▶ **YOUR TASK**:
If a record contains an image, leave the image out and repeat everything else exactly.

▶ **INFORMATION SUPPLIED**:
= = = =

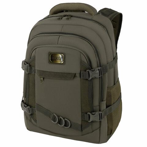 Рюкзак HEIKKI DESERTED (ХЕЙКИ) универсальный, 3 отделения, эргономичный, багажная лента, хаки, 47х33х17 см, 273877
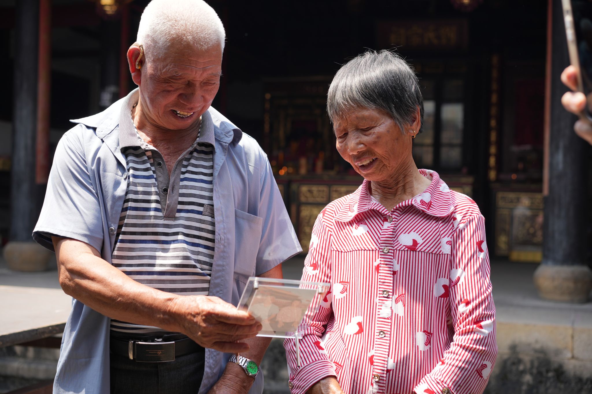老人欣赏自己的合影
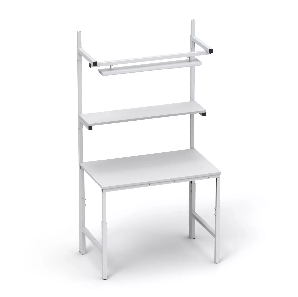 Стол может быть укомплектован одной или двумя полками, расположенными над столешницей, по всей ее ширине. Полка способна выдерживать до 30 кг нагрузок. Расположение полки свободно регулируется по всей высоте стоек.
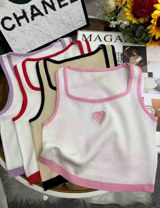 夏季新款纯欲甜辣妹撞色重工订珠刺绣针织背心,独立包...
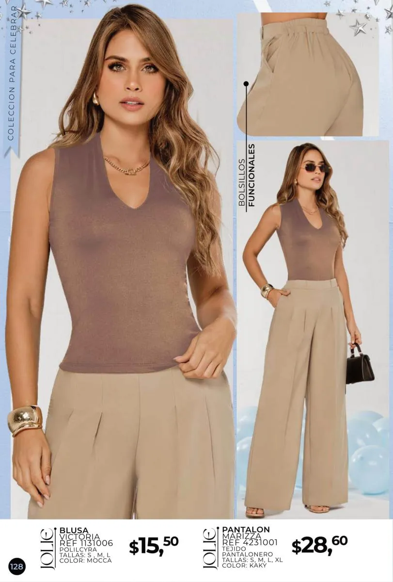 Otro punto a destacar es la versatilidad de las prendas, que permiten combinaciones fáciles y modernas. Desde los vestidos ligeros ideales para el día, hasta los conjuntos más estructurados para eventos formales, cada pieza en el Jolie campaña 14 2025 se adapta perfectamente a las diferentes facetas del día a día, siempre manteniendo una estética sofisticada y actual.
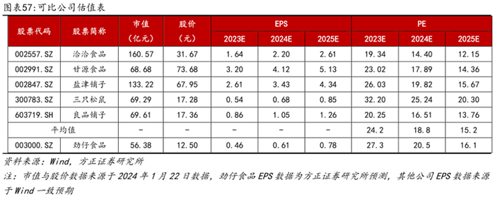 可比公司估值对比:洽洽食品、甘源食品、盐津铺子、三只松鼠、良品铺子均为休闲食品企业,主营业务相似,因此将其作为可比公司进行对比。横向对比来看,2024年可比公司估值均值为18.8X,劲仔食品2024年PE为20.5X,高于行业均值水平,考虑到公司处于高速增长期,给予“强烈推荐”评级。
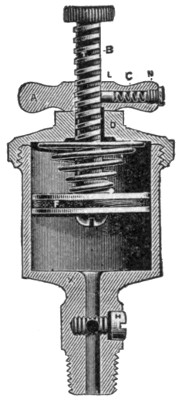 The cut shows the Kunkle safety valve. To set it, unscrew the jam nut and apply the key to the pressure screw. For more pressure, screw down; for less, unscrew. After having the desired pressure, screw the jam nut down tight on the pressure screw. To regulate the opening and closing of the valve, take the pointed end of a file and apply it to the teeth of the regulator. If valve closes with too much boiler pressure, move the regulator to the left. If with too little, move the regulator to the right.
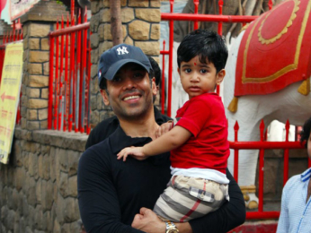 en Tusshar Kapoor with his son Laksshya snapped at Shree Mukteshwar Temple
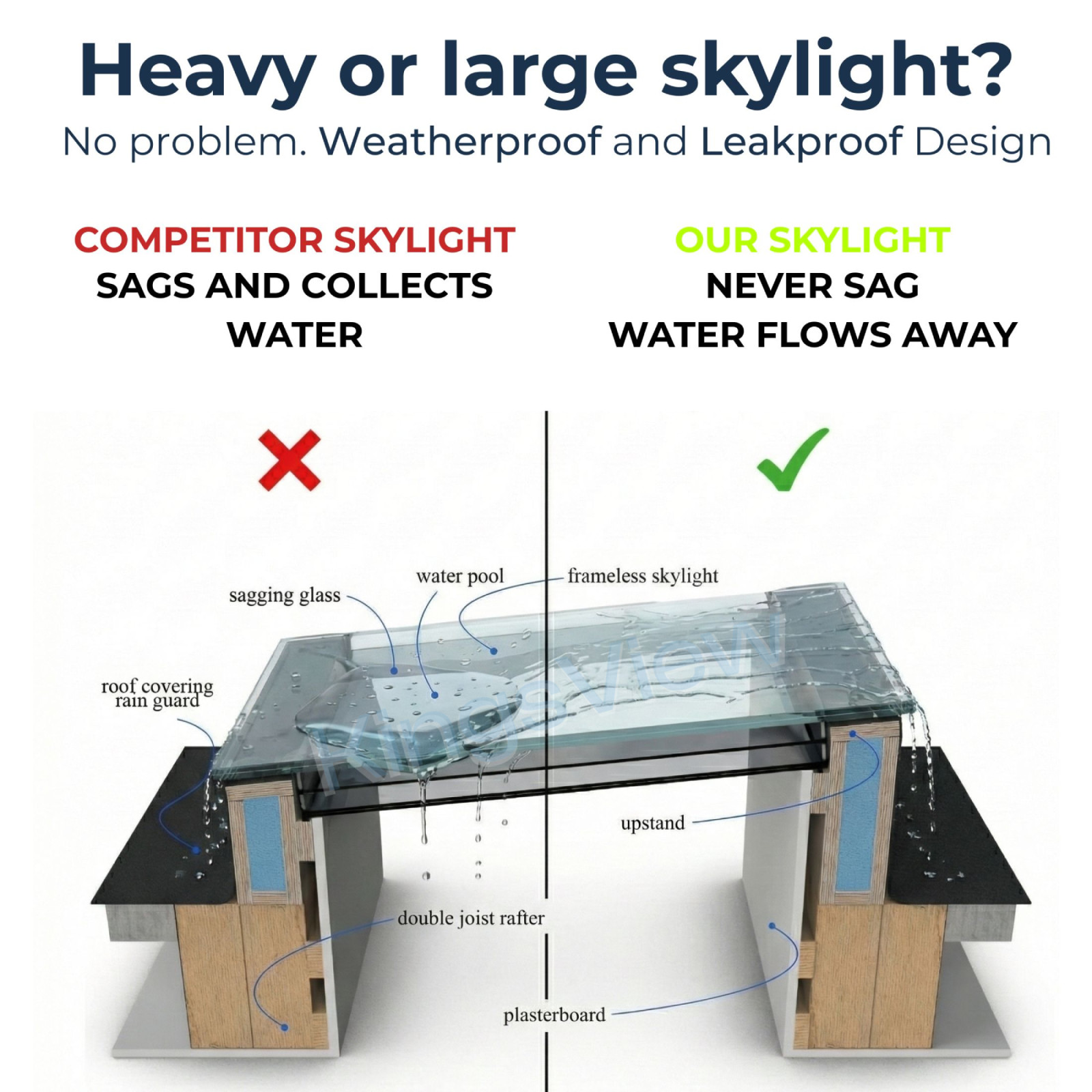Our skylights are manufactured using Low-E laminated glass designed to reduce the impact of harmful UV radiation while allowing high levels of natural daylight to pass through.

= = = =

▶ **TASK OUTPUT**:
 Рюкзак HEIKKI DESERTED (ХЕЙКИ) универсальный, 3 отделения, эргономичный, багажная лента, хаки, 47х33х17 см, 273877
老人欣赏自己的合影
 Стол может быть укомплектован одной или двумя полками, расположенными над столешницей, по всей ее ширине. Полка способна выдерживать до 30 кг нагрузок. Расположение полки свободно регулируется по всей высоте стоек.
 夏季新款纯欲甜辣妹撞色重工订珠刺绣针织背心,独立包...
 Otro punto a destacar es la versatilidad de las prendas, que permiten combinaciones fáciles y modernas. Desde los vestidos ligeros ideales para el día, hasta los conjuntos más estructurados para eventos formales, cada pieza en el Jolie campaña 14 2025 se adapta perfectamente a las diferentes facetas del día a día, siempre manteniendo una estética sofisticada y actual.
 可比公司估值对比:洽洽食品、甘源食品、盐津铺子、三只松鼠、良品铺子均为休闲食品企业,主营业务相似,因此将其作为可比公司进行对比。横向对比来看,2024年可比公司估值均值为18.8X,劲仔食品2024年PE为20.5X,高于行业均值水平,考虑到公司处于高速增长期,给予“强烈推荐”评级。
 The cut shows the Kunkle safety valve. To set it, unscrew the jam nut and apply the key to the pressure screw. For more pressure, screw down; for less, unscrew. After having the desired pressure, screw the jam nut down tight on the pressure screw. To regulate the opening and closing of the valve, take the pointed end of a file and apply it to the teeth of the regulator. If valve closes with too much boiler pressure, move the regulator to the left. If with too little, move the regulator to the right.
 en Tusshar Kapoor with his son Laksshya snapped at Shree Mukteshwar Temple
Our skylights are manufactured using Low-E laminated glass designed to reduce the impact of harmful UV radiation while allowing high levels of natural daylight to pass through.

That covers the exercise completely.